Extracted records:
[Start of section]

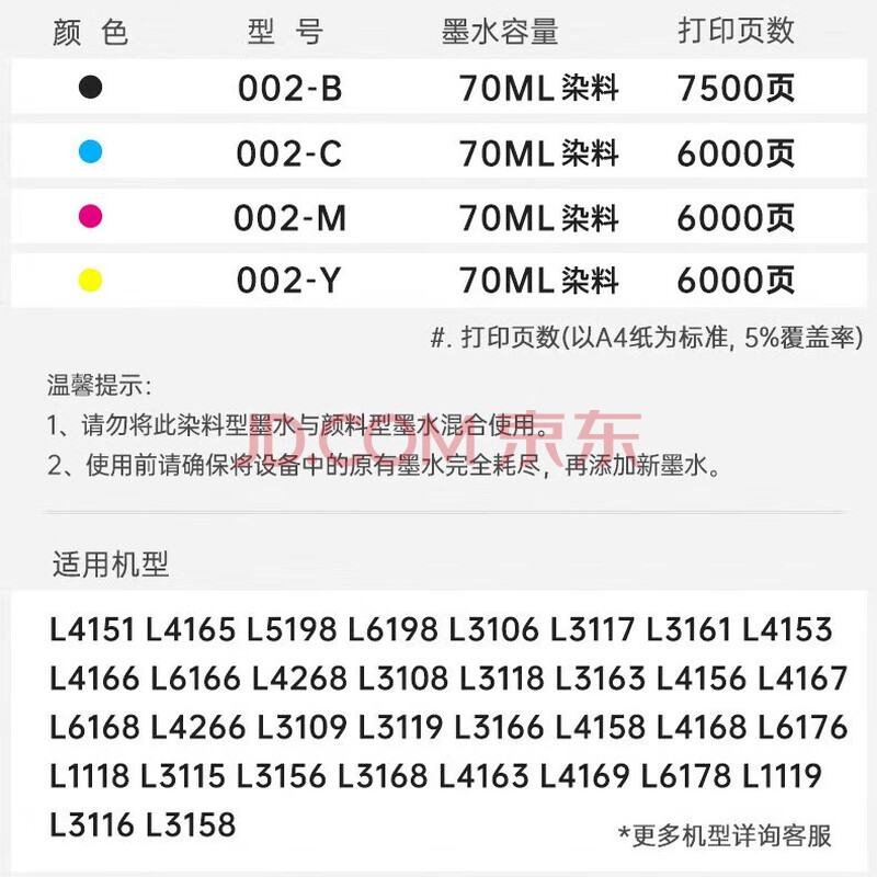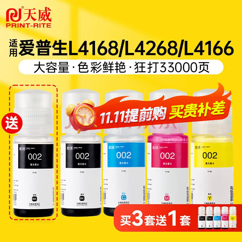 商品相册:天威002墨水四色适用爱普生打印机墨水L4266 L4268 L4168 L4269 4263 4158 6178 6176 6198 4169 6268 4166 第
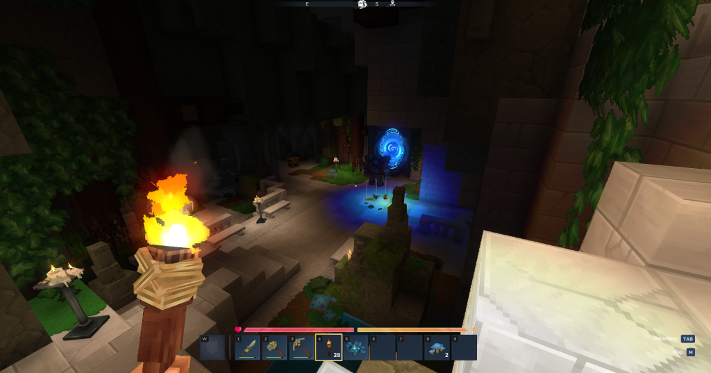 Conseil : Avant de partir, craftez un équipement de base en cuivre. Vous croiserez certainement des créatures hostiles en chemin, et l’entrée du temple est gardée.
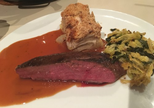 Magret de canard BT, sauce au sirop d’érable et argousier, mille-feuille de pommes de terre, navets et pommes et tombée de chou-vert et feuilles de navet
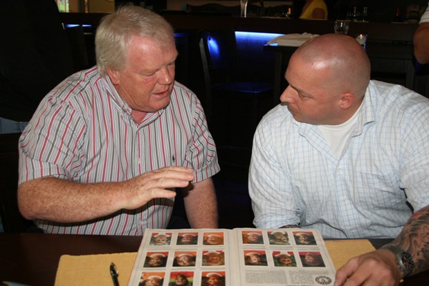 Das Urteil derjenigen, die ihn in den siebziger Jahren noch für die Fortuna live haben spielen sehen, fällt eindeutig aus: "Das war eine Kampfsau!". Für einen defensiven Mittelfeldspieler ist das fast die höchste Auszeichnung, die man sich verdienen kann. Noel Campbell, irischer Nationalspieler und bei der Fortuna von 1971 bis 1978 in 138 Spielen am Ball, traf gestern im Café Carré 40 Fortuna-Fans, die ihn mit Applaus begrüßten. Die Fortuna-Fans waren es auch, die über einige Umwege, den Kontakt zu dem 61jährigen hergestellt hatten, der in Dublin lebt. Schnell war man sich einig: Der 61jährige sollte sehen, was aus seiner Fortuna und natürlich der Fortuna-Familie geworden war. Geld wurde gesammelt und Flugpläne studiert. Gestern abend traf er dann einige wieder, die ihm schon vor mehr als 30 Jahren von der Tribüne der Radrennbahn zugejubelt hatten - für beide Seiten ein tolles Wiedersehen mit vielen emotionalen Momenten und natürlich dem ein oder anderen gemeinsamen Bier.
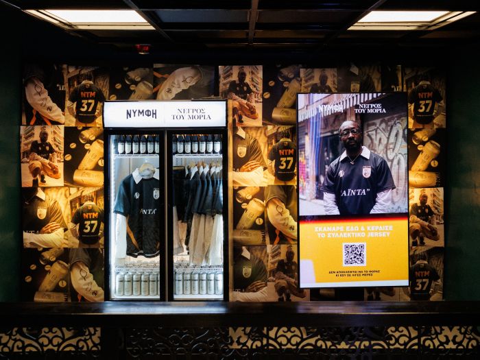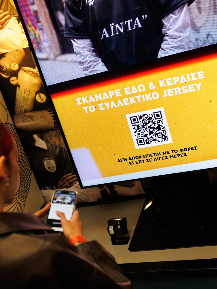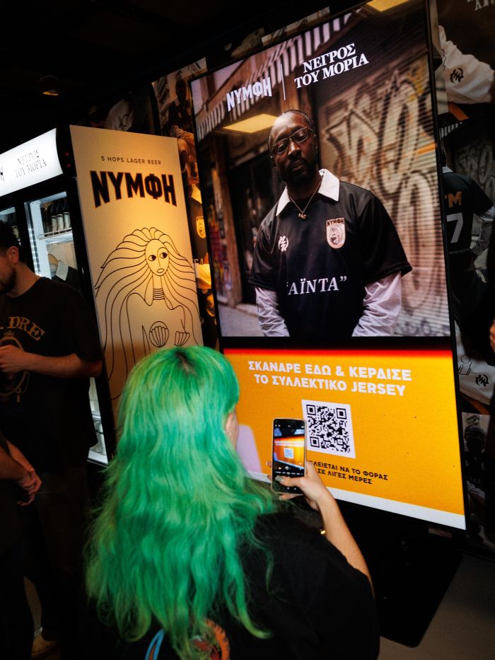 Από την είσοδο κιόλας, πριν καν μπεις στην αρένα, έπεφτες πάνω στο corner της ΝΥΜΦΗ και συναντούσες αυτό το cool collab. Το συλλεκτικό jersey, τοποθετημένο μέσα σε ένα ψυγείο-display, είχε κάτι από έκθεμα και κάτι από statement. Γύρω του, visuals και οθόνες που έτρεχαν την καμπάνια και τον διαγωνισμό για να κερδίσεις αυτό το συλλεκτικό μπλουζάκι έδιναν το στίγμα.
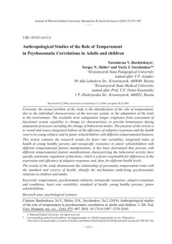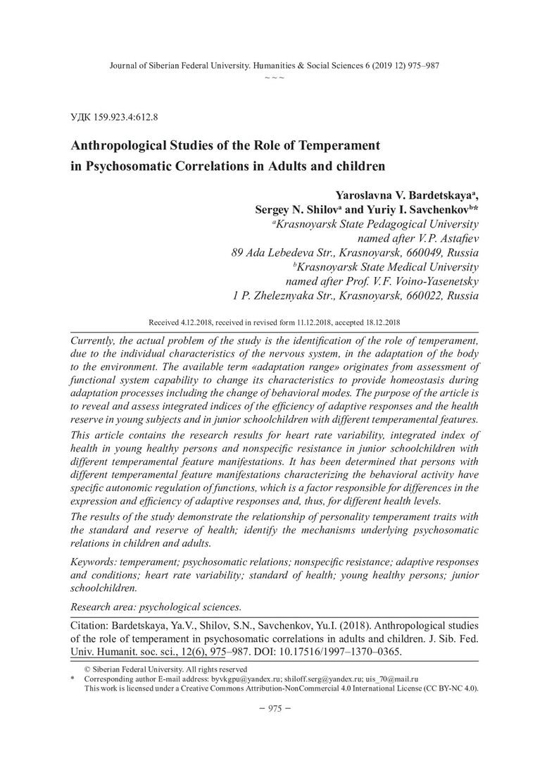 Библиографическое описание:Bardetskaya, Yaroslavna. Anthropological Studies of the Role of Temperament in Psychosomatic Correlations in Adults and Children = Антропологические исследования роли темперамента в психосоматических корреляциях у взрослых и детей / Ya. V. Bardetskaya, S. N. Shilov, Yu. I. Savchenkov. - Текст : непосредственный // Журнал Сибирского федерального университета. Гуманитарные науки. - 2019. - Т. 12, № 6. - С. 975–987. - Библиогр.: с. 984-987. - ISSN 1997-1370.
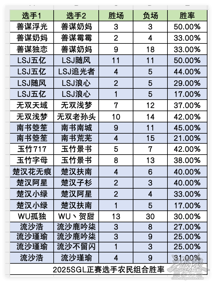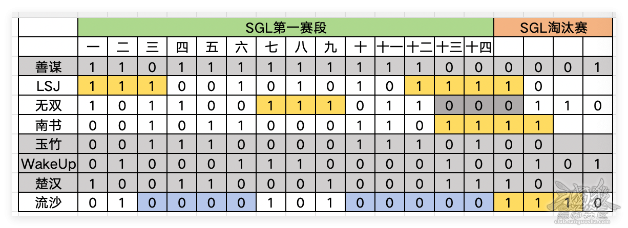 2025SGL四强队伍:LSJ,南书,无双,流沙。无双和流沙的败者确定为本年度殿军。LSJ和南书的胜者保底亚军。淘汰赛主要战况回顾: 第一轮善谋在与南书的对抗中打的保守,最终败给了主动进攻的南书。第二轮对抗流沙,BP阶段被流沙控三,首了龙凤,放了刘晔和张嫙,反手又被流沙抢抓了余下将面中龙凤最好的搭子神甘宁。在流沙的布局和引导下,善谋最终首了一个废子。以上为我个人对善谋之败的总结。
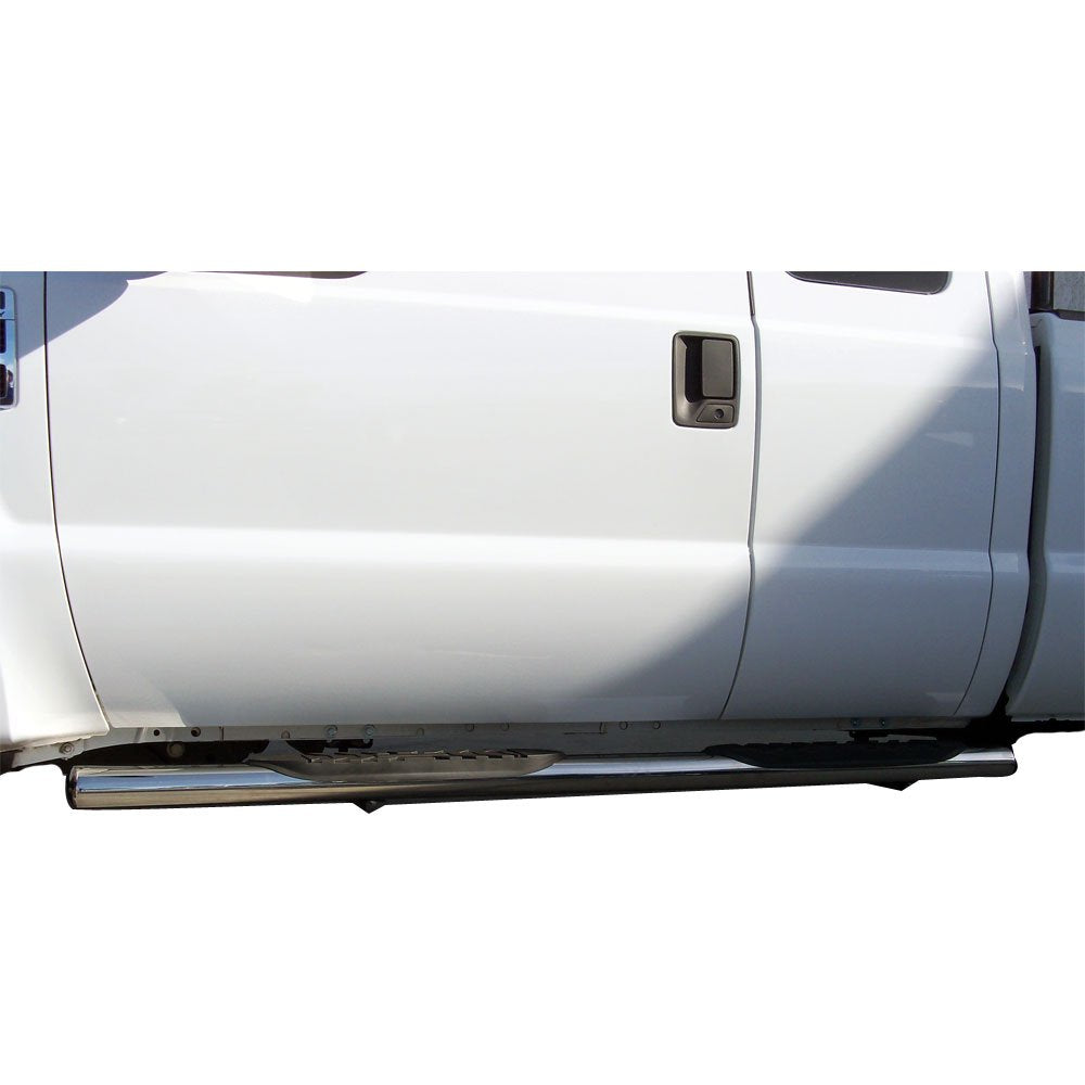Q: What is the material used for the Trailfx Trail FX A7016S Nerf Bar?A: The Trailfx Trail FX A7016S Nerf Bar is made from polished stainless steel, providing durability and a sleek appearance.
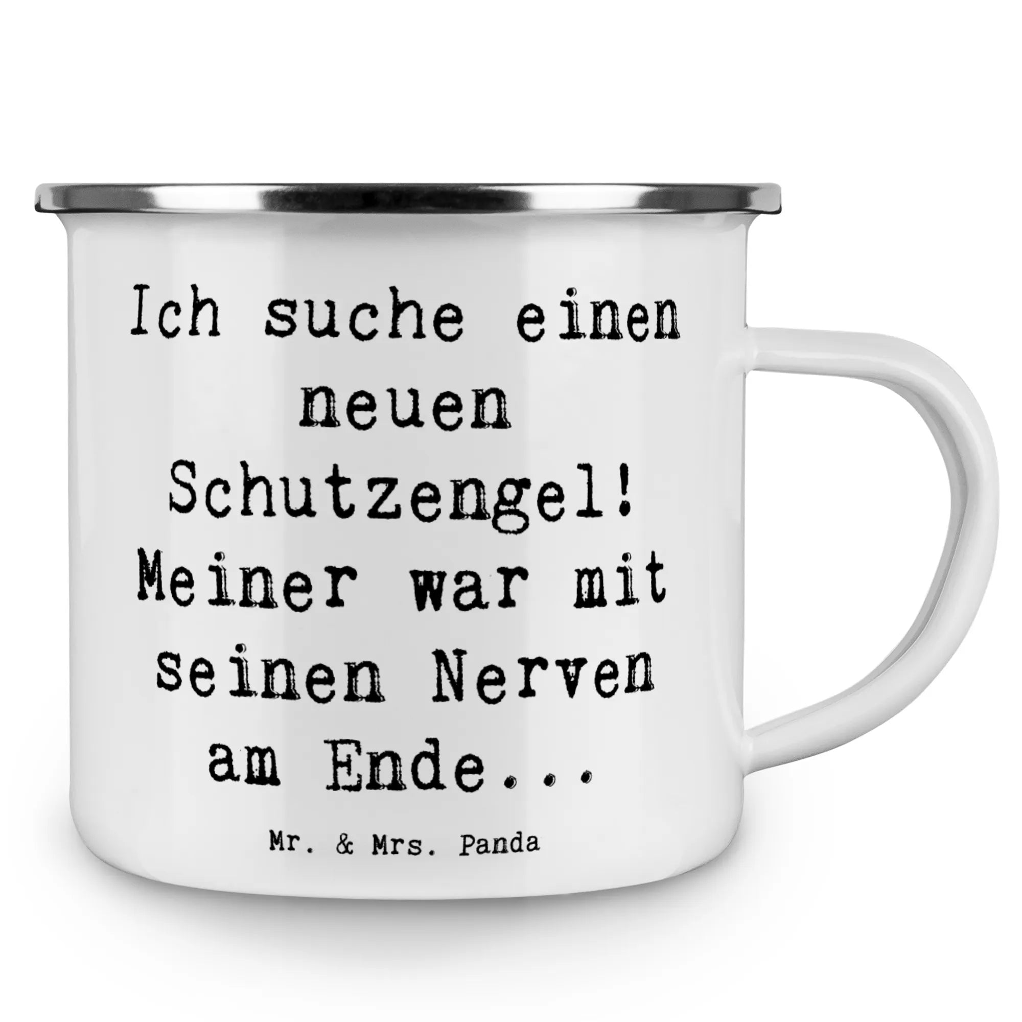Enamel camping mug Saying Ich suche einen neuen Schutzengel! Meiner war mit seinen Nerven am Ende...

[End of section]

[GOAL OF THE EXERCISE] Would you copy, word for word, only the lines above from the one containing "Das Urteil derjenigen, die" through the one containing "Библиографическое описание:Bardetskaya, Yaroslavna.", both included, and please leave out the pictures?

[TASK SOLUTION]
 Das Urteil derjenigen, die ihn in den siebziger Jahren noch für die Fortuna live haben spielen sehen, fällt eindeutig aus: "Das war eine Kampfsau!". Für einen defensiven Mittelfeldspieler ist das fast die höchste Auszeichnung, die man sich verdienen kann. Noel Campbell, irischer Nationalspieler und bei der Fortuna von 1971 bis 1978 in 138 Spielen am Ball, traf gestern im Café Carré 40 Fortuna-Fans, die ihn mit Applaus begrüßten. Die Fortuna-Fans waren es auch, die über einige Umwege, den Kontakt zu dem 61jährigen hergestellt hatten, der in Dublin lebt. Schnell war man sich einig: Der 61jährige sollte sehen, was aus seiner Fortuna und natürlich der Fortuna-Familie geworden war. Geld wurde gesammelt und Flugpläne studiert. Gestern abend traf er dann einige wieder, die ihm schon vor mehr als 30 Jahren von der Tribüne der Radrennbahn zugejubelt hatten - für beide Seiten ein tolles Wiedersehen mit vielen emotionalen Momenten und natürlich dem ein oder anderen gemeinsamen Bier.
 Από την είσοδο κιόλας, πριν καν μπεις στην αρένα, έπεφτες πάνω στο corner της ΝΥΜΦΗ και συναντούσες αυτό το cool collab. Το συλλεκτικό jersey, τοποθετημένο μέσα σε ένα ψυγείο-display, είχε κάτι από έκθεμα και κάτι από statement. Γύρω του, visuals και οθόνες που έτρεχαν την καμπάνια και τον διαγωνισμό για να κερδίσεις αυτό το συλλεκτικό μπλουζάκι έδιναν το στίγμα.
 Библиографическое описание:Bardetskaya, Yaroslavna. Anthropological Studies of the Role of Temperament in Psychosomatic Correlations in Adults and Children = Антропологические исследования роли темперамента в психосоматических корреляциях у взрослых и детей / Ya. V. Bardetskaya, S. N. Shilov, Yu. I. Savchenkov. - Текст : непосредственный // Журнал Сибирского федерального университета. Гуманитарные науки. - 2019. - Т. 12, № 6. - С. 975–987. - Библиогр.: с. 984-987. - ISSN 1997-1370.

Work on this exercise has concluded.